How is it possible that the 'medium' version often fails at this question, while even the 'mini' version gets it right? (and 'small' too)
It alwost always gives wrong answer: 1 , while other two say: 3
are you using quants for the others as well? does small have quant support?
That's strange either way
are you using quants for the others as well? does small have quant support?
https://ai.azure.com/explore/models?selectedCollection=phi
Here are all the models, you can test each on the right, under "Try it out". I also tested q4km ggufs for mini and medium locally, and get same results.
If it's full weights for all of them and they're still different outputs that's super strange!
Didn't mean to ignore this, just got lost lol
Didn't mean to ignore this, just got lost lol
no, i'm just not sure myself anymore. Because at first i was sure about what's in my first message.

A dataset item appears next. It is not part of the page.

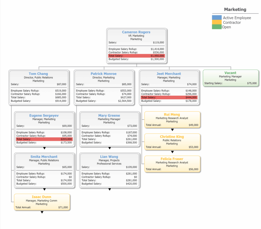 Understanding your organization’s salary and headcount rollup is essential for managing costs effectively. OrgChart allows you to create custom formulas that simplify this process by totaling employee salary costs by the entire organization, business unit, division, or department.

But now it seems to answer the question correctly... most of the time.
And btw, sorry for another question, but i just can't figure out why phi models, like this one, only generate text up to around 2500/4096 context and then stop, or just generate nonsense?(instruct mode) I think kobolt.cpp says something like "EOS token triggered!". Same in lm studio or oobabooga.
That does seem curious.. If you have a prompt that triggers it reliable let me know but I'll try to see if I can see it too. If it's happening on multiple platforms that does seem odd..
I assume this doesn't apply to any hosted full weight versions?
No special promt. Just tell it to write some stories or something so it reaches ~2500 context length.
I've been experiencing this since the first day phi-3 came out, and I have no idea why, it seems like I'm the only one, because nobody talks about it. Only phi models do this.
@urtuuuu It is happening with me too. Messed up garbage after 2500 token. Using Q5KM. Trying to change quants.